Getting back into the New Zealand market has not been easy as the quarantine service there threw up barrier after barrier. They’re worried about mealie bugs which New Zealand actually has more of than Samoa.

Cook, the first coach of Manu Samoa rugby team, said it was a constant struggle dealing with people in Wellington who believed they knew more about bananas than Samoans. And when challenged they were mostly indifferent to hearing what Samoa had to say.

But they are getting them in by airfreight where Kebbell says they cannot get enough. The big American grower Dole is trying to break into the organic market with its own banana from South America. But given the state of the plantations and the nature of shipping, Kebbell questions how organic they may be.

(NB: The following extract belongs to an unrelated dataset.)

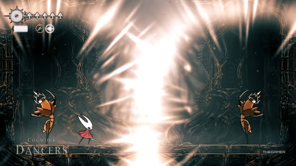 Não é preciso explorar muito a Cidadela nesse momento, sendo que o principal é chegar no objetivo principal e enfrentar os Dançarinos Mecânicos. Apesar de parecerem fáceis, eles são bem desafiadores e aqui foi o único local do jogo onde usei o Brasão da Besta, já que bater neles não é o problema e você está quase sempre com a seda cheia. Justamente por isso, julguei que esse brasão seria útil aqui e usava seu poder para continuar batendo e recuperar vida.

The extinction news is not so good for Fiji’s Sigatoka on the southern Coral Coast of Viti Levu. It’s on the Queen’s Highway between the capital Suva and Nadi International Airport.

It won its infamous horticultural name when the fungus Mycosphaerella musicola was first recognised there in 1912 and called “Yellow Sigatoka”. It took 40 years for it to spread around the world. Then in 1963 came Mycosphaerella fijiensis or Black Sigatoka.

Both diseases can cause extensive defoliation, but Black Sigatoka is far more damaging than Yellow Sigatoka. Yields are reduced, and fruit from affected plantations is prone to premature and uneven ripening. Chemicals can control it, but they are expensive.

In the South Pacific, Sigatoka does not carry the same dread sound: rather it is mystical. For the vast Sigatoka sand dunes at the mouth of the river are the birthplace of Polynesia. As the wind and waves move, the sand, the bodies of the first peoples known as Polynesians emerge, evidence that the remarkable peopling of the South Seas started there.